Eğitim-Sen genel örgütlenme ve yükseköğretim sekreteri İsmail Sağdıç ilimizde ki Eğitim-Sen Malatya şubesini ziyaret etti.
İsmail sağdıç yaptığı toplantılardan sonra Malatya da bulunan demokratik kitle örgütleri ve siyasi partilere kurumlara ziyaretlerde bulundu.
İlk olarak Eğitim-Sen Malatya şubesinde gündeme dair açıklamalarda bulunan İsmail Sağdıç gazetecilerin sorularını da yanıtladı.
Merkezi yönetim kurulumuzun aldığı karar gereği MYK üyelerinin iş yeri ve kurum ziyaretlerinde bulunduklarını söyleyen sağdıç, “Malatya ya gelmemizin özel sebeplerinden biride burada ihraç olan arkadaşlarımızla bir araya gelip süreci değerlenmek, eğitim ve eğitim emekçilerinin sorunları paylaşma, önerilerini alma ve yapacaklarımızı anlatma noktasında buradayız” dedi.

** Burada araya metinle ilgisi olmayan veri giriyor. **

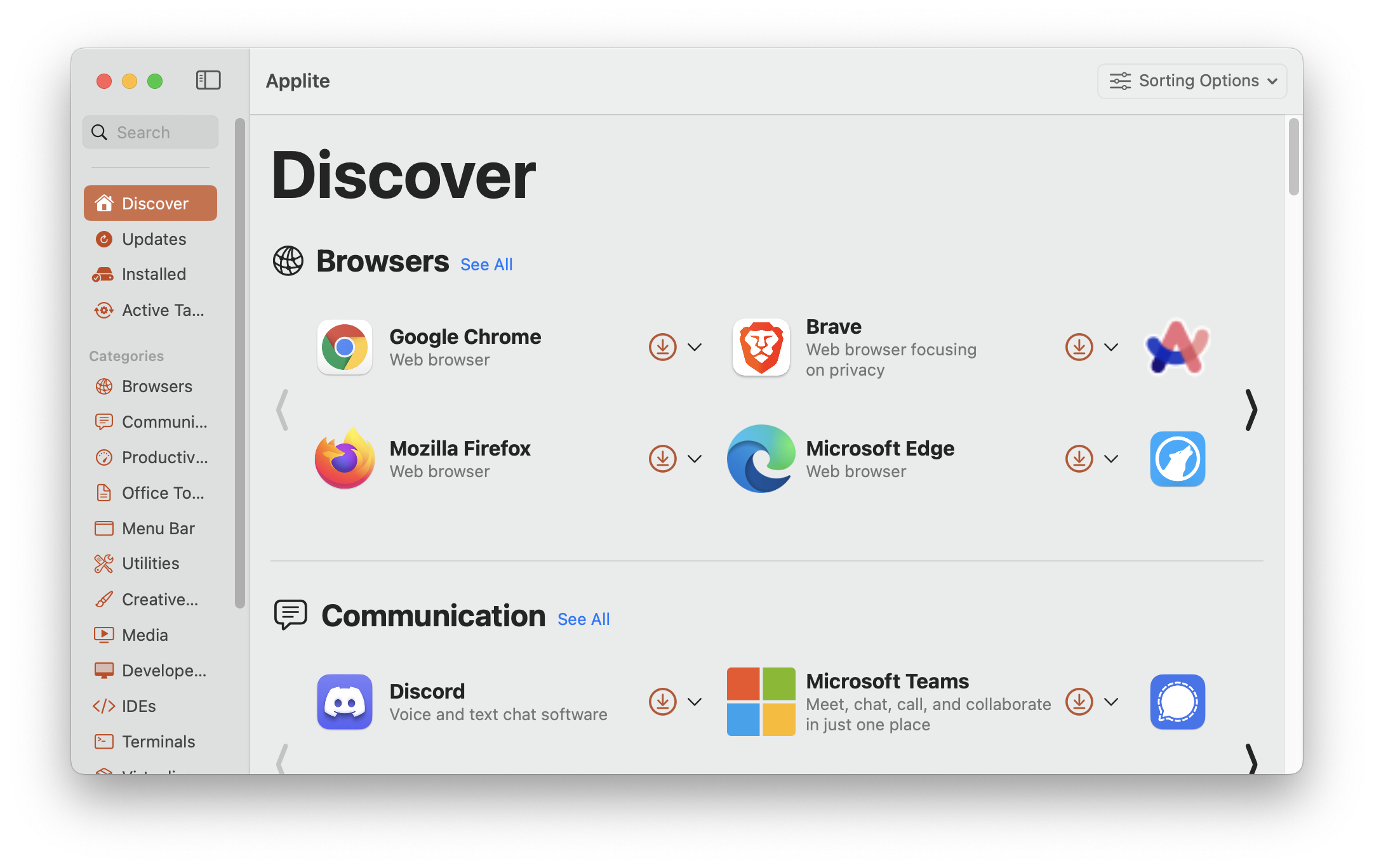 Applite во многом дублирует возможности дефолтного App Store. На левой панели доступен поиск по приложениям, а также разделение на различные категории. Дополнительно вы можете просмотреть приложения, требующие обновления. Также есть сортировка по алфавиту или наиболее скачиваемым.
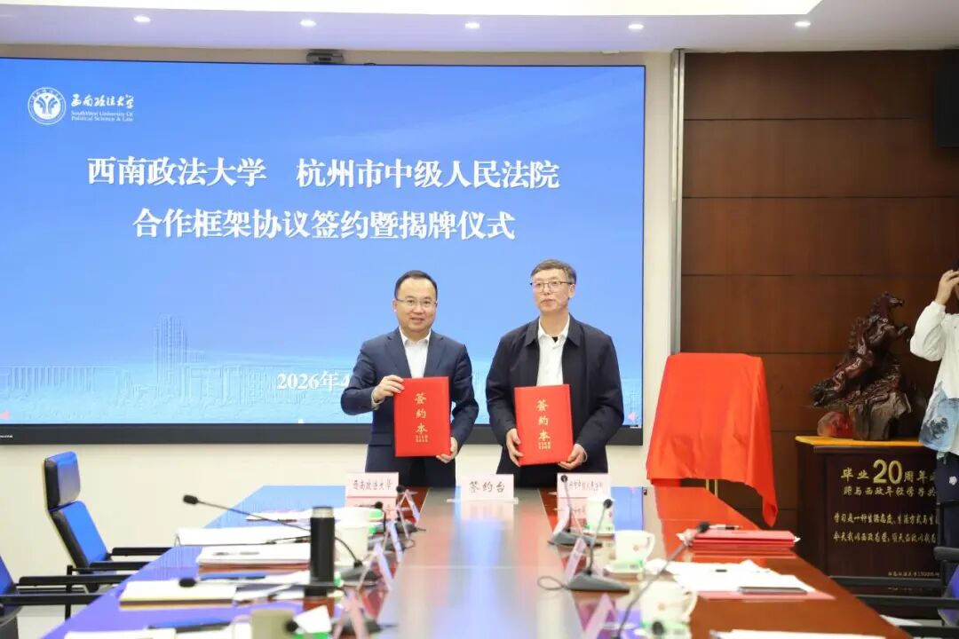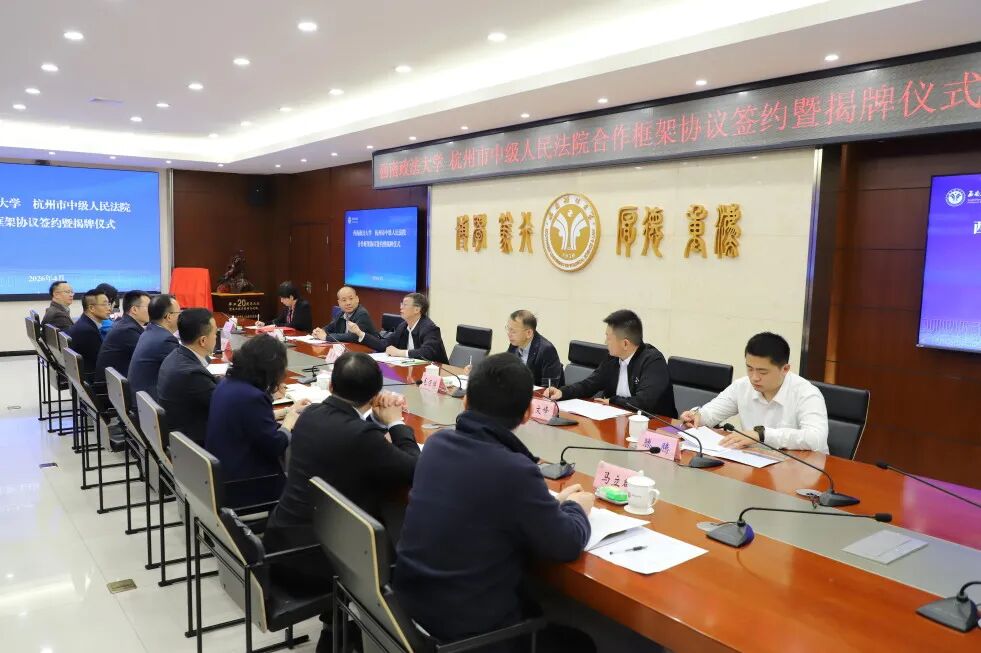 西政网讯 (记者 李心怡)4月3日上午,西南政法大学与杭州市中级人民法院签署战略合作框架协议。西南政法大学党委副书记、校长林维,杭州市中级人民法院党组书记、院长唐学兵出席会议并致辞。西南政法大学副校长周尚君主持会议。
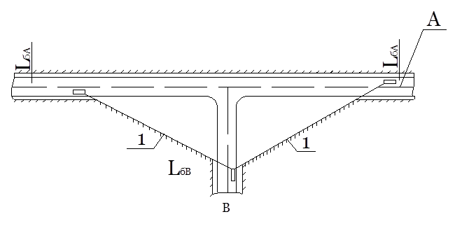 Рис. 4.1. Схема видимости на пересечении: LбА, LбВ – на автомобильных дорогах А и В;
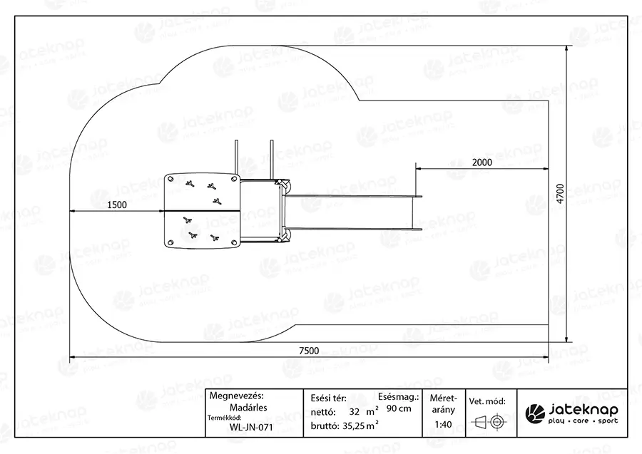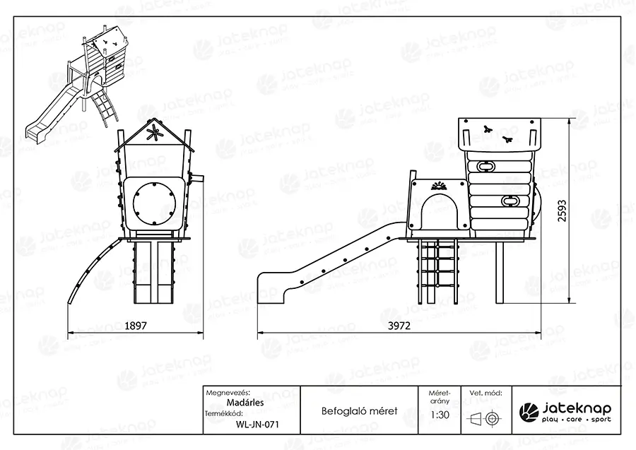 Som medlem af vores nye, innovative produktlinje er vores mål at fremme den akvatiske verden og vandsport, hvilket også muliggør skabelsen af temalegepladser. Madárles er et produkt designet til mindre børn, som både fungerer som en krog for dem, der vil gemme sig eller til at spionere gennem plexiglasset, og det kan være et aktivt legetøj for børn, der kan lide at klatre og glide.
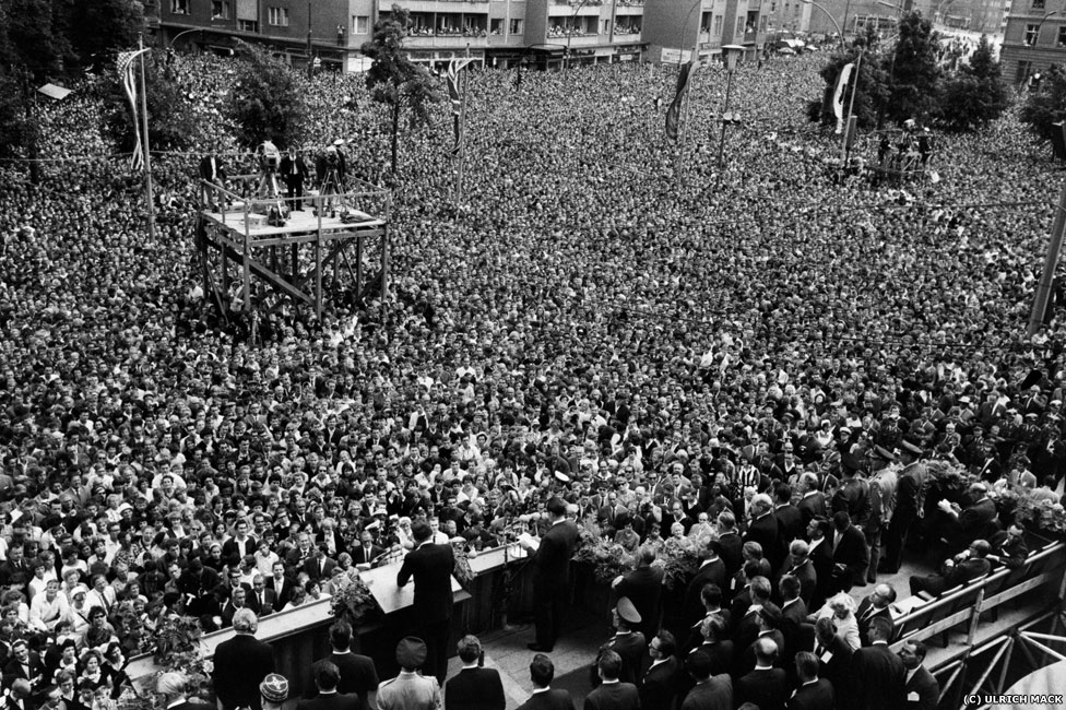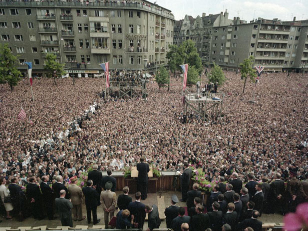 Μίλησε στα σκαλιά του Δημαρχείου του Βερολίνου, μόλις μερικά μέτρα μακριά από το Τείχος, το οποίο είχε χτίσει η Ανατολική Γερμανία 22 μήνες νωρίτερα.
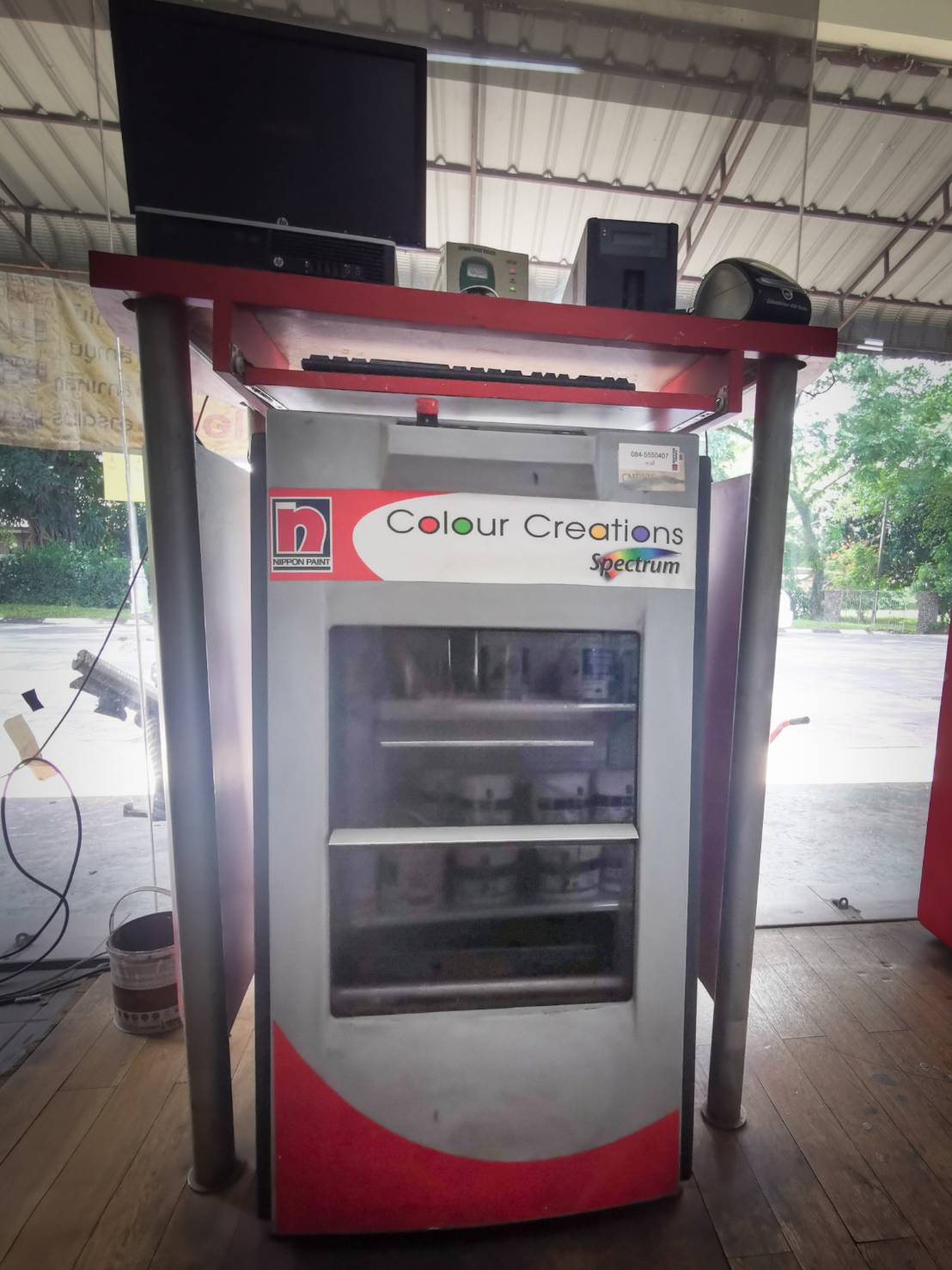 1. ผสมสีน้ำทาอาคาร สีน้ำมันทาไม้ เหล็ก ได้มากกว่า 20,000 เฉดสี 2. ครบเซ็ท ทั้ง เครื่องหยอดผสมสี + เครื่องเขย่าถังสี (ราคามือ 1 500,000 บาท) คอมพิวเตอร์ + จอคอม +คีย์บอร์ด + เม้าส์ + เครื่อง print ฉลาก + เครื่องสำรองไฟ 2 ชุด (มูลค่า 30,000 บาท) 3. โปรแกรมผสมสี ของ นิปปอนเพนท์ + แคทตาล็อคสีแบบละเอียด 4. ตู้เก็บแคตตาล็อค เป็นตู้โชว์ โลโก้ นิปปอนในตัว 5. ป้ายศูนย์ผสมสีนิปปอน แขวนภายในร้าน
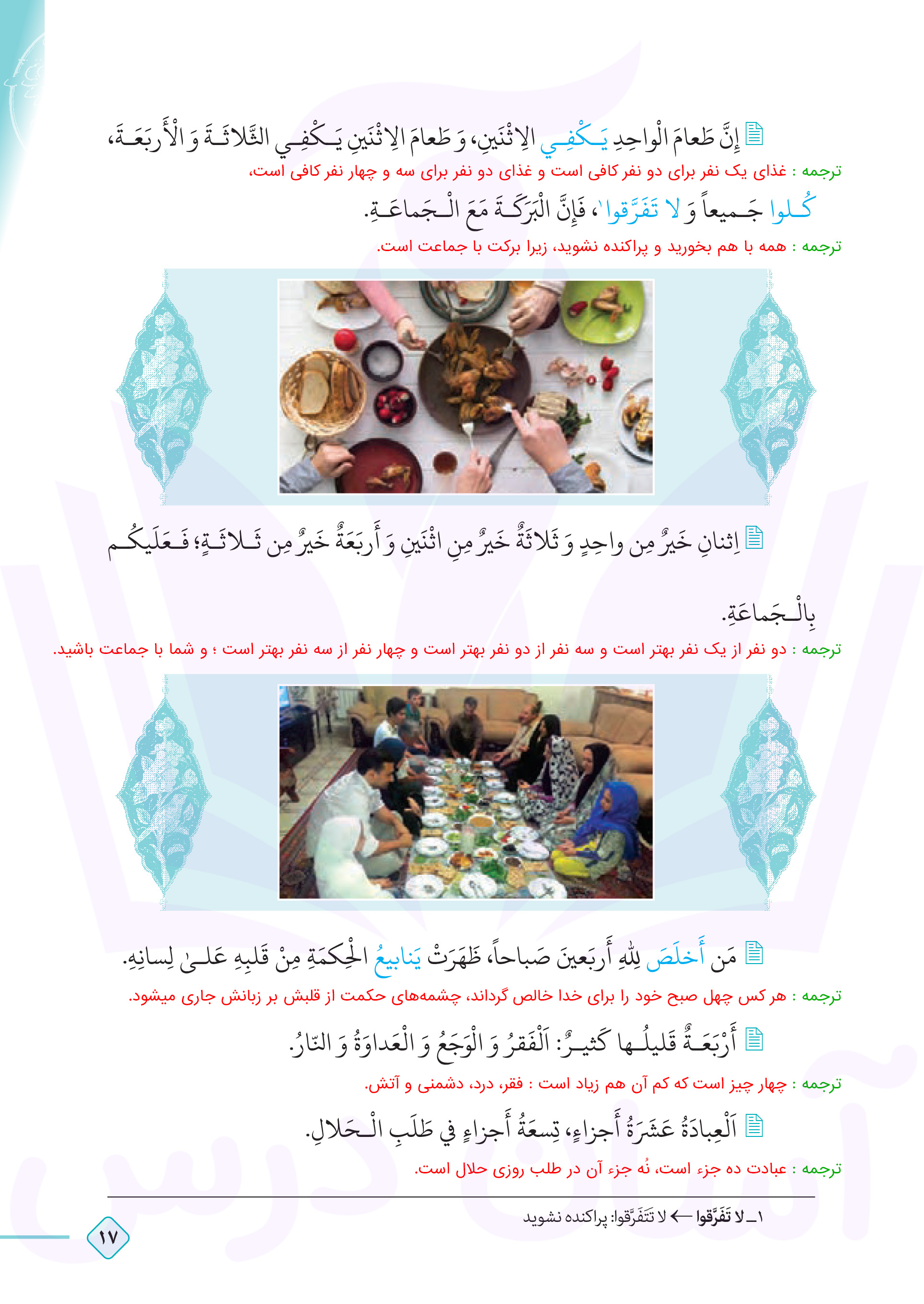 عربی دهم : ترجمه درس دوم صفحه ۱۷

DEVLETİN YAPMASI GEREKENLER CEMAATLERE TESLİM EDİLMİŞ DURUMDA
Aladağ da kız öğrenci yurdunda meydana gelen yangında 11 öğrenci, 1 çalışanın yaşamını yitirdiğini ve 20 üzerinde yaralandığını söyleyen Sağdıç, “ bu bir katliamdır. Bunun nedenleri var. Öncelikle bunu anlamak gerekiyor. Birincisi bu tarikat ve cemaatlerin AKP döneminde eğitim ve öğretime bu kadar bulaştırılmasının sonucunu yaşıyoruz. Devletin yapması gereken işler onlara teslim edilmiş durumda. Aladağ da devlete ait öğrenci yurdu yıkılıyor ve veliler öğrencilerini buralara yerleştirmek zorunda bırakılıyorlar. Bu ülkenin çeşitli yerlerinde yaşananların Aladağ da küçük bir örneğidir. İkincisi ise herkes farklı şekillerde tartışıyor. Yangın merdiveni kapalımıydı, açıkmıydı. İç donanım yeterlimiydi. Bu yönleriyle de tartışılmalı buralara ruhsat verenler hesap vermeli ama yangın merdivenin kilitli olmasının temel nedenlerinden biri ülkemizde kadına bakış açısını gösteriyor. Erkek öğrenci yurdu olsaydı muhtemelen kapısı açık olurdu. Bu boyutları ile kimse tartışmıyor. Bir başka neden ise özel yurtlar yönetmeliğine göre yüksek öğrenin ve lise için açılabiliyor. Burada yasa dışı olarak ortaokul öğrencileri kalıyor. Dolayısıyla bu faciaya sebep olmuştur” dedi.
HUKUK TERSİNE DÖNMÜŞTÜR
Malatya ya gelme sebeplerinden biride OHAL sürecinde çıkarılan KHK’lar ile gerçekleşen açığa almalar ve ihraçların olduğunu söyleyen Sağdıç, “ 8 Eylül tarihinde 11 bin 285 Kişinin çoğu bizim üyemiz olan öğretmen açığa alınmıştı. Yürüttüğümüz faaliyet e kamuoyunun baskısı sonucu bunlardan 6 bin yedi kişi görevine geri döndü. Geri kalan arkadaşlarımızın da göreve geri dönmeleri için mücadelemizi sürdürüyoruz. Bakanlık da görüşüyoruz. Önümüzdeki bir iki hata içinde geri kalan arkadaşlarımızın da görevlerine döneceğini düşünüyoruz. Bakanlıkla görüşmelerimiz doğrultusunda arkadaşlarımızın ne için açığa alındığını kendileri de bilmiyor. Valiliklerde il milli eğitim müdürlükleri de şu suçu işlediler de ihraç edildiler diyemiyorlar. Çünkü ortada işlenmiş bir suç yok. Bir savunma alma durumu yok. Hukuk’un temel kuralıdır bir kişinin savunmasını almadan ceza veremezsin. Suçunu ispatlamadan o kişi suçsuzdur. Hukuk tersine dönmüştür. Arkadaşlarımız neden olmadığını bilmedikleri bir suçtan dolayı suçsuzluklarını ispatlamak zorundalar. Maalesef gelinen aşama budur. Buda mümkün bir şey değildir. Bütün arkadaşlarımızın yerel mahkemelerde davasını açtık. Bu davaları Aralık ayı sonuna kadar AİHM’ de taşıyacağız” şeklinde konuştu.